** Exercise material **
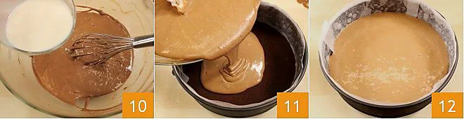 Once the cream is at room temperature, add it to the chocolate cream 10 and mix until a homogeneous mixture is obtained. Take the cookie base, which will be firm, and pour half of the chocolate cream over it 11, spreading it evenly 12. Leave everything to rest in the refrigerator for at least half an hour; cover the remaining chocolate cream with plastic wrap and store it in a cool place (not in the refrigerator, otherwise it will firm up too much).
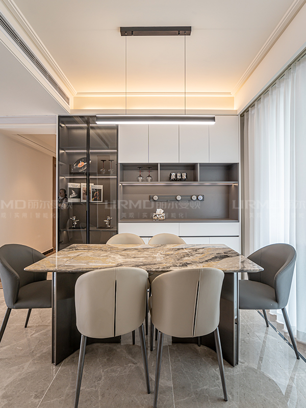 黑白灰的簡(jiǎn)單搭配,拋棄多余的裝飾設(shè)計(jì),營(yíng)造品質(zhì)與細(xì)節(jié)拉滿的質(zhì)感,打造出氣質(zhì)卓然的空間氛圍
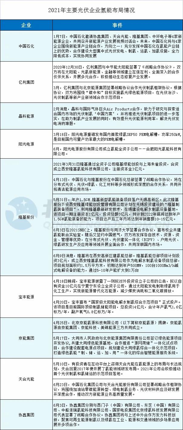 自今年(2021年)年初以来,以隆基、阳光、晶科、协鑫等为代表的光伏企业正加速布局氢能领域,其主要动态如下:
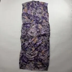 Chico's Purple Ruched Mesh Midi Dress Lined Sleeveless Stretch 16/18 (Chico 3)
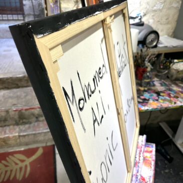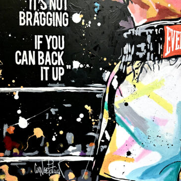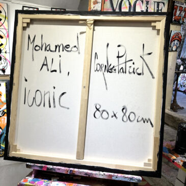 Tableau original de Mohamed Ali, huile sur toile, peinture unique de style pop street art aux couleurs vives, idéale pour une décoration contemporaine.

** Task brief **
Everything in the entries above should be transcribed exactly, apart from the pictures.

** Written answer **
 Once the cream is at room temperature, add it to the chocolate cream 10 and mix until a homogeneous mixture is obtained. Take the cookie base, which will be firm, and pour half of the chocolate cream over it 11, spreading it evenly 12. Leave everything to rest in the refrigerator for at least half an hour; cover the remaining chocolate cream with plastic wrap and store it in a cool place (not in the refrigerator, otherwise it will firm up too much).
 黑白灰的簡(jiǎn)單搭配,拋棄多余的裝飾設(shè)計(jì),營(yíng)造品質(zhì)與細(xì)節(jié)拉滿的質(zhì)感,打造出氣質(zhì)卓然的空間氛圍
 自今年(2021年)年初以来,以隆基、阳光、晶科、协鑫等为代表的光伏企业正加速布局氢能领域,其主要动态如下:
 Chico's Purple Ruched Mesh Midi Dress Lined Sleeveless Stretch 16/18 (Chico 3)
 Tableau original de Mohamed Ali, huile sur toile, peinture unique de style pop street art aux couleurs vives, idéale pour une décoration contemporaine.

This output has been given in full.